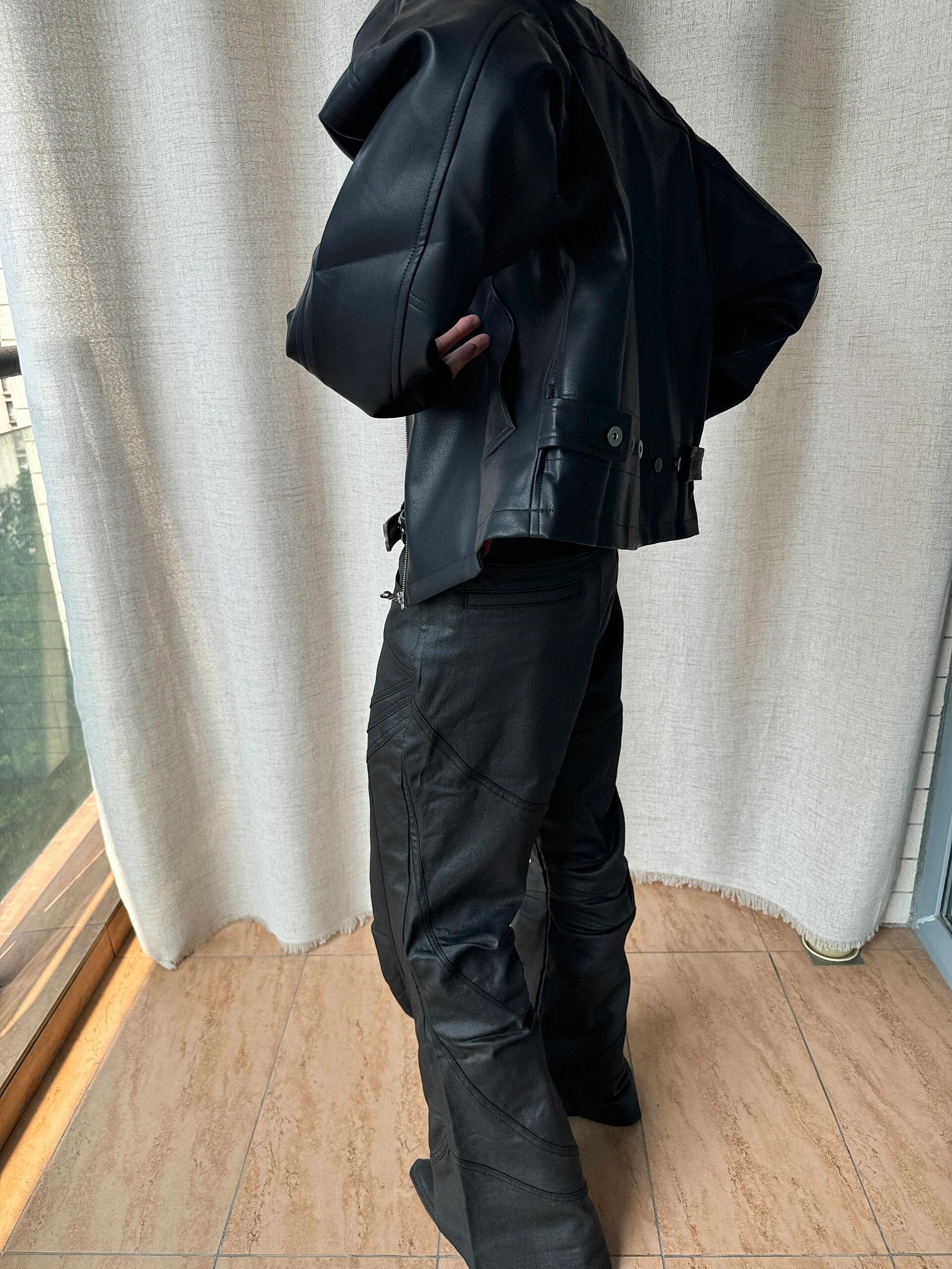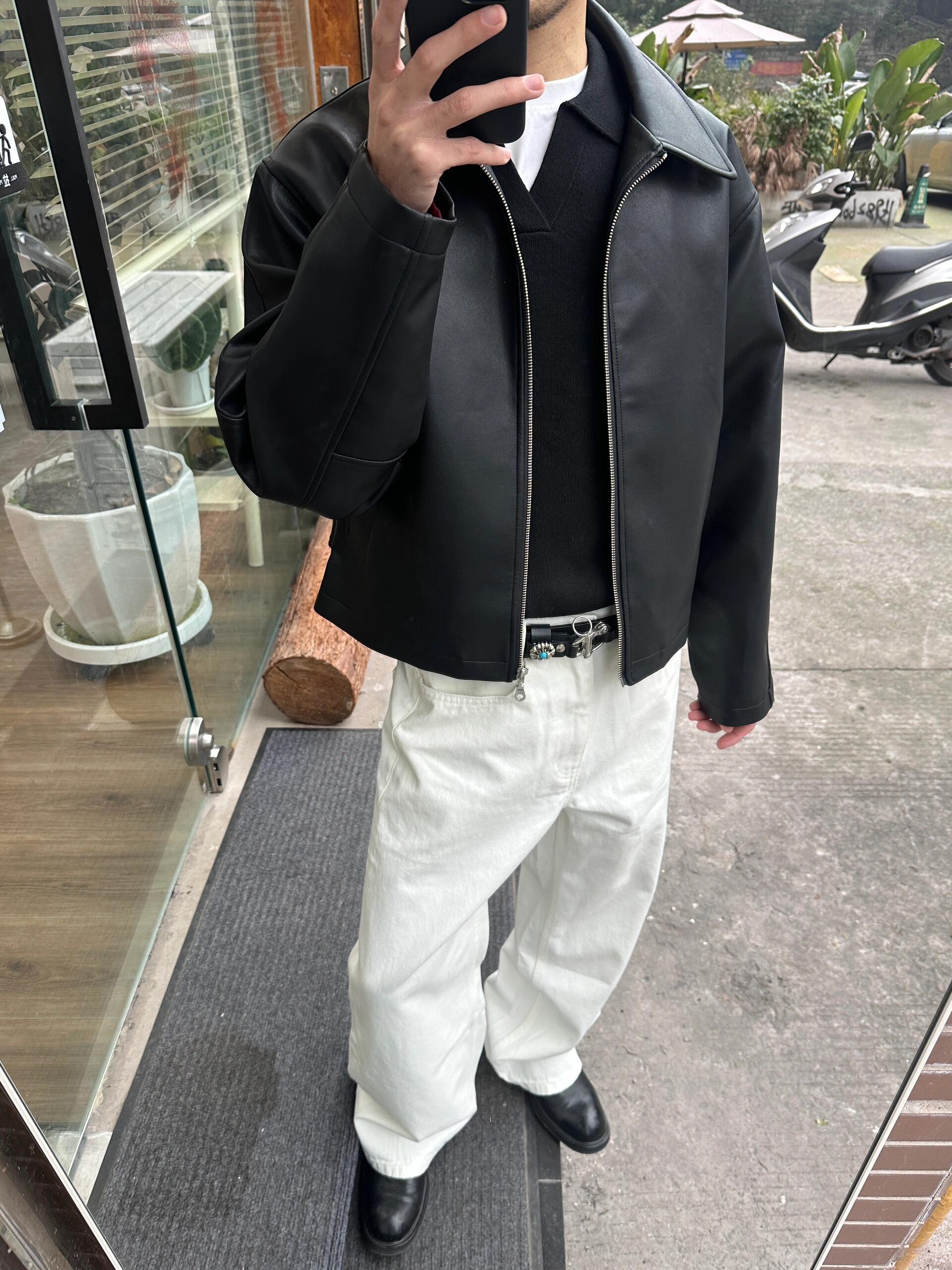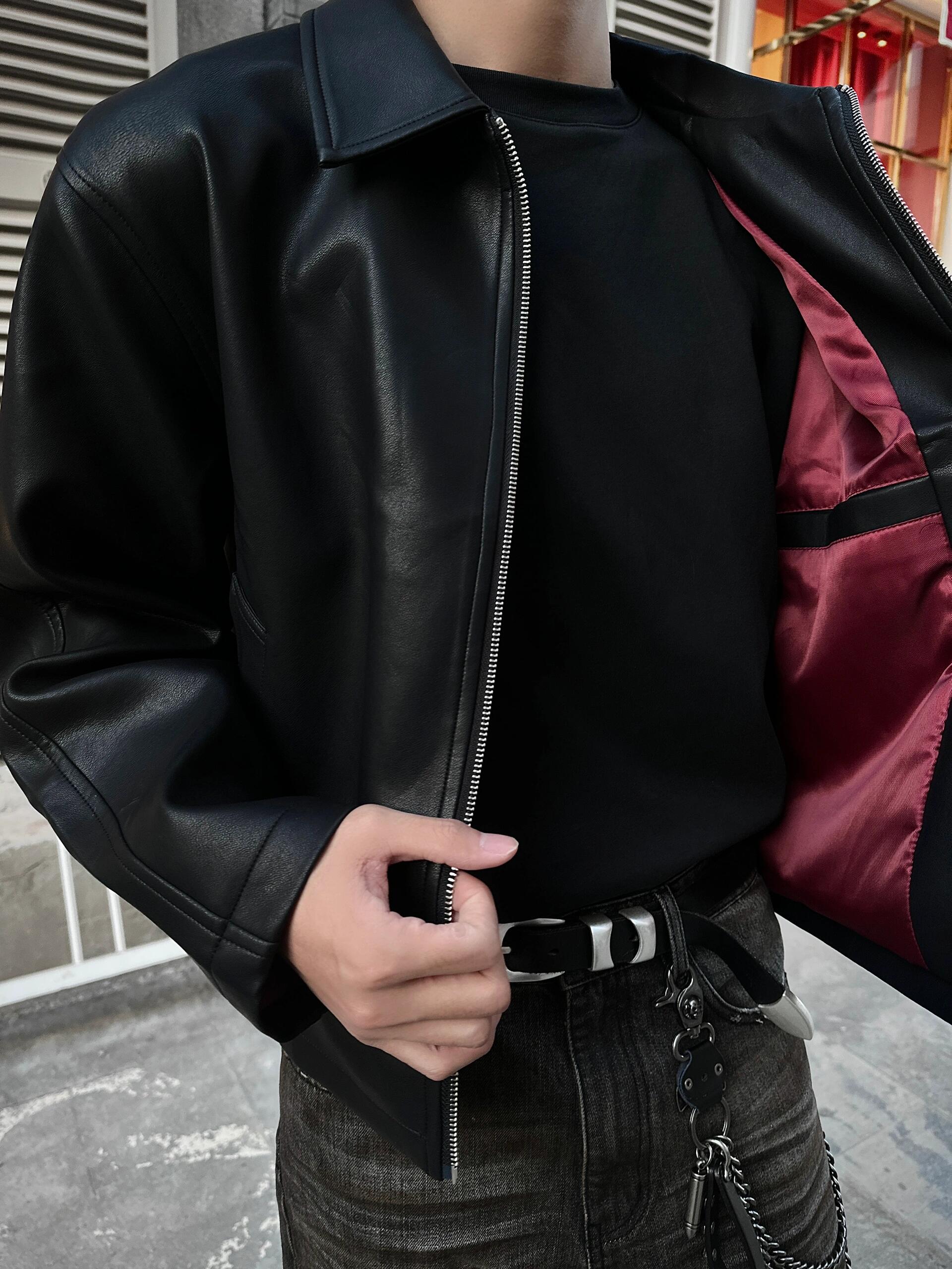 Ankora Red Lining Textured Pu Leather Short Wide Black Leather Jacket Cleanfit Unisex Jacket Intent
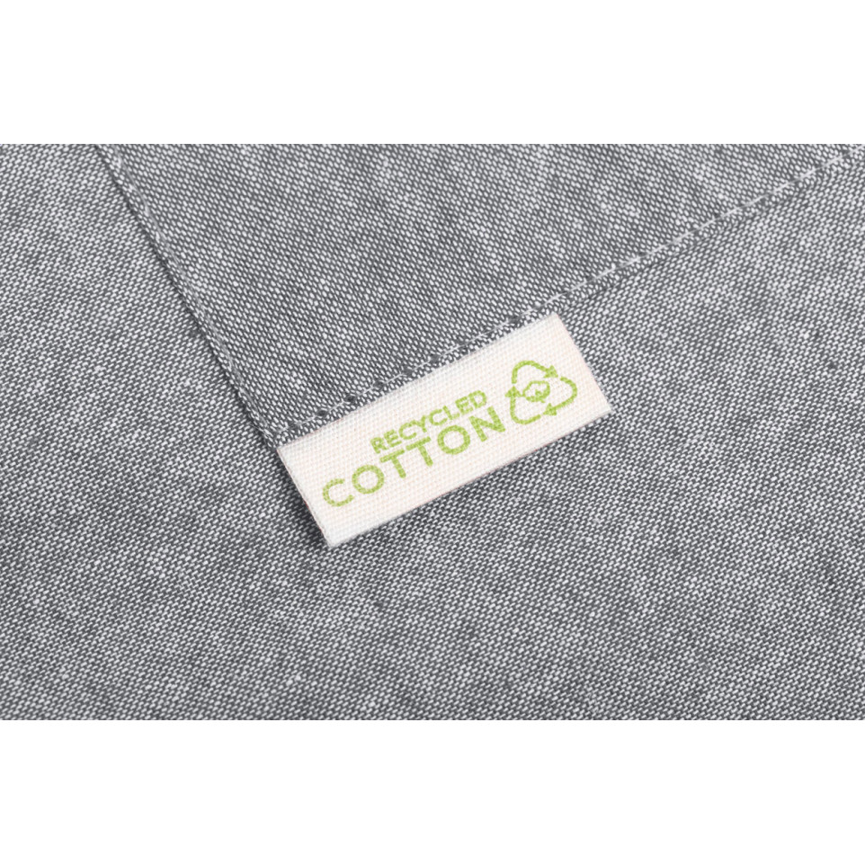The apron is crafted from 100% recycled cotton, providing an eco-friendly option for both personal and promotional use.
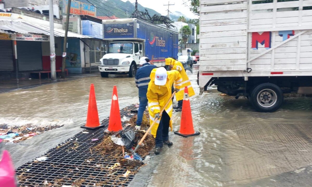 Elementos de las cinco zonas operativas de la Secretaría de Servicios Públicos de Monterrey trabajan en toda la ciudad, especialmente en los sectores con más riesgo de inundación para el retiro de la basura que se acumula en las rejillas.
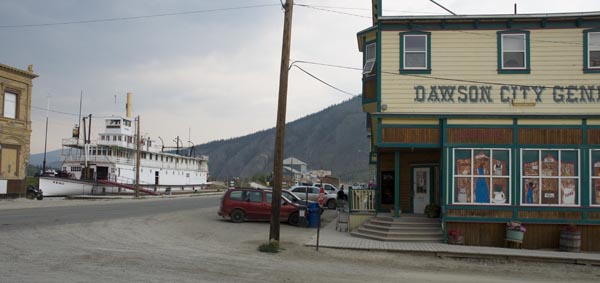 Front Street in downtown Dawson. The river boat is a fascinating museum, where the docents where period dress.
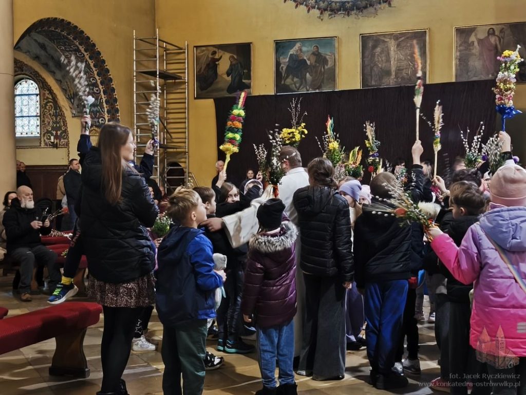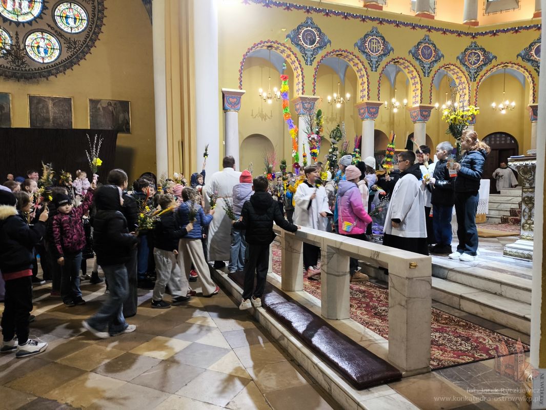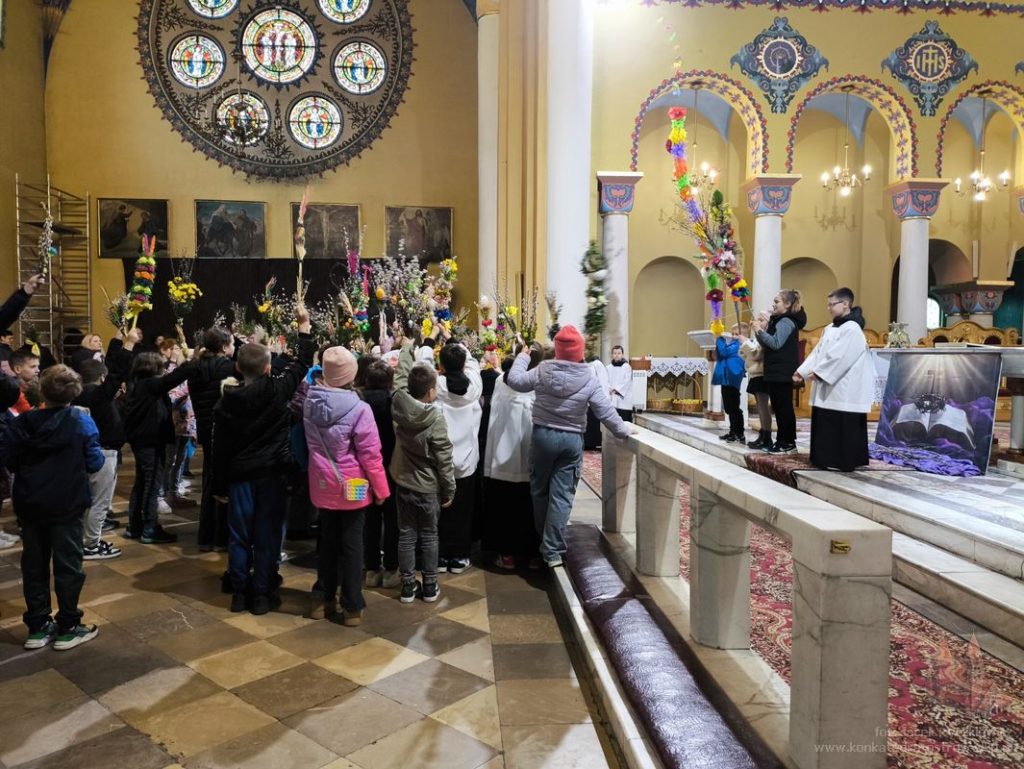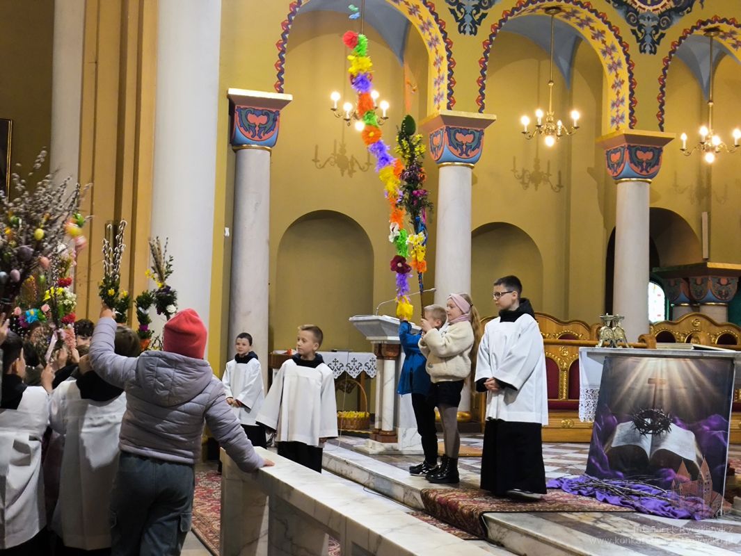 W Niedzielę Palmową dzieci pojawiły się w naszej świątyni z palmami, które wzięły udział w konkursie. Wśród palm wyraźnie dominowała jedna bardzo wysoka i okazała palma, wykonana na długim kiju i ozdobiona układającymi się kaskadowo, jaskrawymi różnokolorowymi kwiatami z bibuły. Pozostałe palmy miały bardziej naturalny charakter składających się głównie z wiosennych gałązek wierzbowych, zielonego bukszpanu oraz różnorodnych suszonych i barwionych traw, a także drobnych kwiatów. Ks. Artur wyróżnił kilkadziesiąt palm, ale każde dziecko otrzymało drobny słodki upominek.
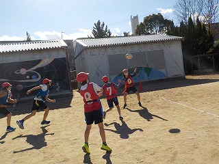 体育科の学習で「タグラグビー」を行っています。前に投げてはダメなこと、ボールを持ったらすぐに動き出すことに最初は苦戦している様子も見られましたが、徐々にルールにも慣れ、楽しんで学習しています。みんなで声を掛け合って頑張っている姿が最高です。
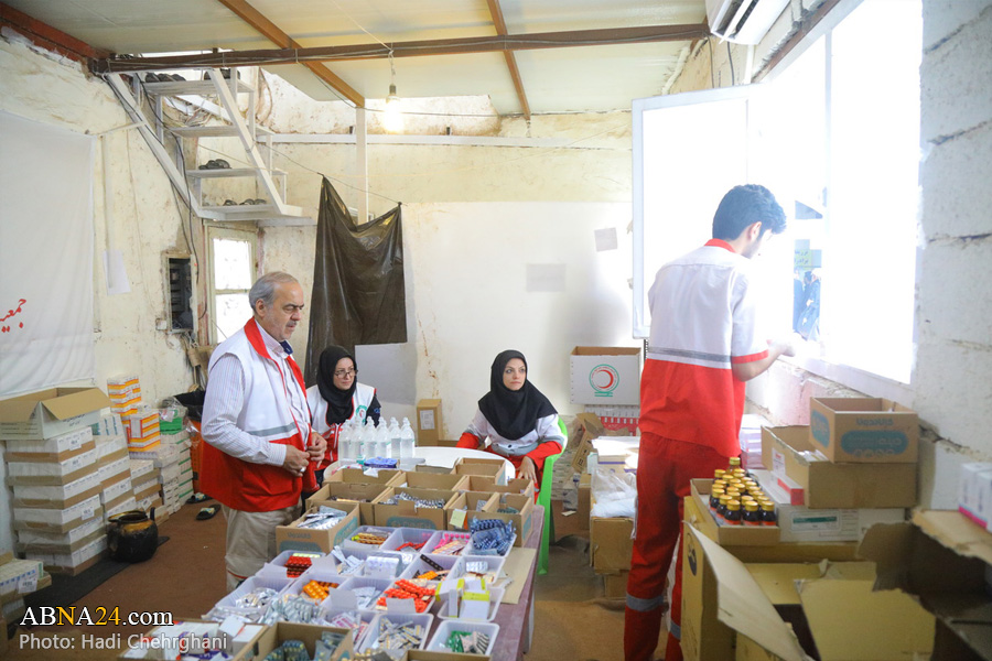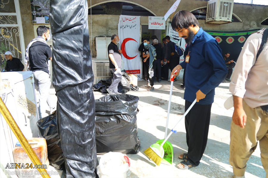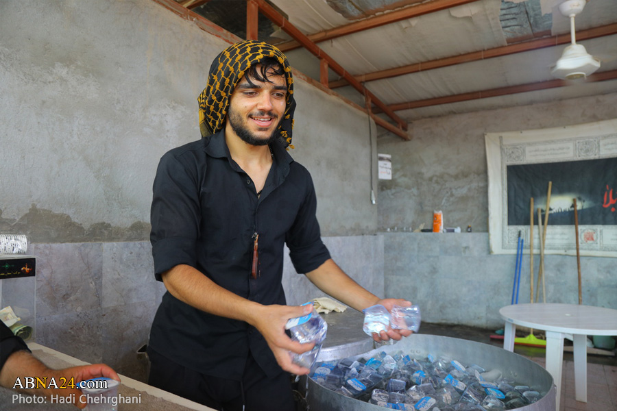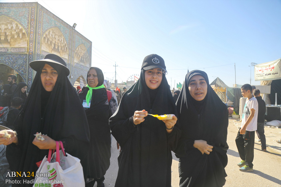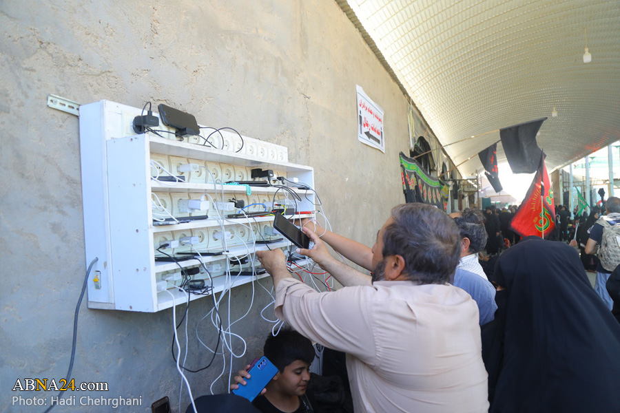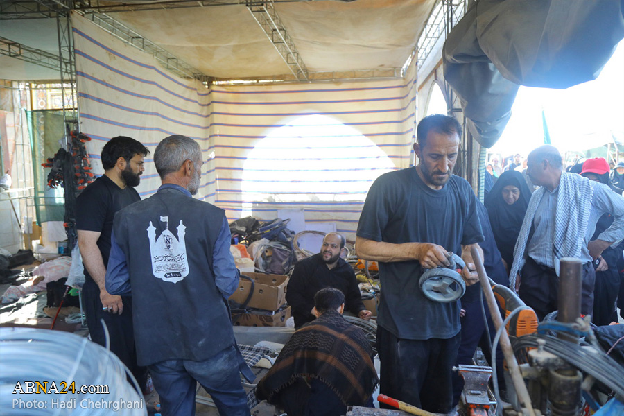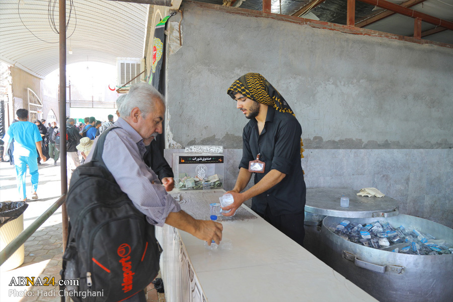 AhlulBayt News Agency (ABNA): The Holy Astan of Hazrat Fatima Masoumeh (s.a.) by setting up a Moukeb on the walking route of Arbaeen from Najaf to Karbala, services to the pilgrims of Arbaeen.
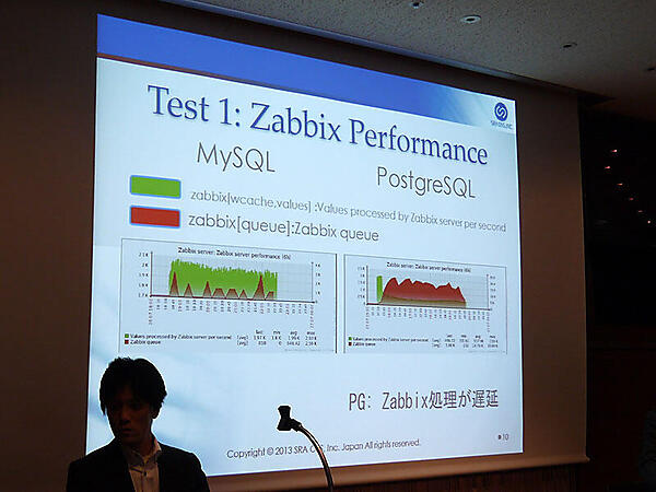 寺田氏:エンタープライズのユーザーや数万台という大規模環境のお話から。SRA OSSさんのホームページで拝見したのですが、ZabbixのデータベースとしてMySQLやPostgreSQLを盛さんが比較したページがあったのですが、その辺りについて紹介していただけますか。
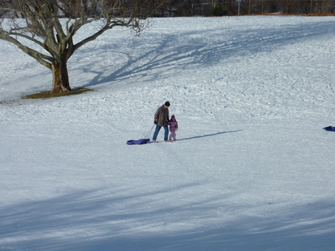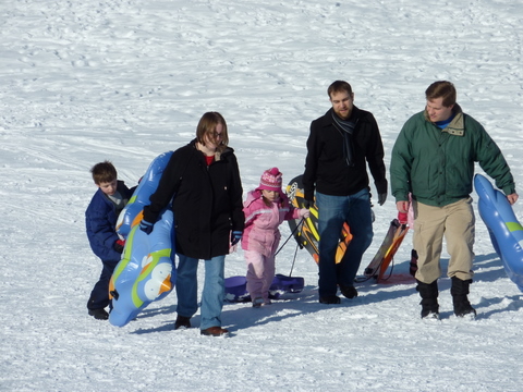 We also hosted a sledding party last week, attended by Brian’s parents and two of his siblings. The kids adored bossing around their aunts and uncles, dictating who got to go down the big hill with them. Grandpa even pulled Eleanor back up the hill (can you tell they are the only grandchildren on that side of the family?).

++++++++++

■ WHAT IS BEING ASKED ■
Using the records above, print exactly the run of lines that starts with the line with "The apron is" and goes on through the line with "体育科の学習で「タグラグビー", pictures excluded.

■ RESULT ■
The apron is crafted from 100% recycled cotton, providing an eco-friendly option for both personal and promotional use.
 Elementos de las cinco zonas operativas de la Secretaría de Servicios Públicos de Monterrey trabajan en toda la ciudad, especialmente en los sectores con más riesgo de inundación para el retiro de la basura que se acumula en las rejillas.
 Front Street in downtown Dawson. The river boat is a fascinating museum, where the docents where period dress.
 W Niedzielę Palmową dzieci pojawiły się w naszej świątyni z palmami, które wzięły udział w konkursie. Wśród palm wyraźnie dominowała jedna bardzo wysoka i okazała palma, wykonana na długim kiju i ozdobiona układającymi się kaskadowo, jaskrawymi różnokolorowymi kwiatami z bibuły. Pozostałe palmy miały bardziej naturalny charakter składających się głównie z wiosennych gałązek wierzbowych, zielonego bukszpanu oraz różnorodnych suszonych i barwionych traw, a także drobnych kwiatów. Ks. Artur wyróżnił kilkadziesiąt palm, ale każde dziecko otrzymało drobny słodki upominek.
 体育科の学習で「タグラグビー」を行っています。前に投げてはダメなこと、ボールを持ったらすぐに動き出すことに最初は苦戦している様子も見られましたが、徐々にルールにも慣れ、楽しんで学習しています。みんなで声を掛け合って頑張っている姿が最高です。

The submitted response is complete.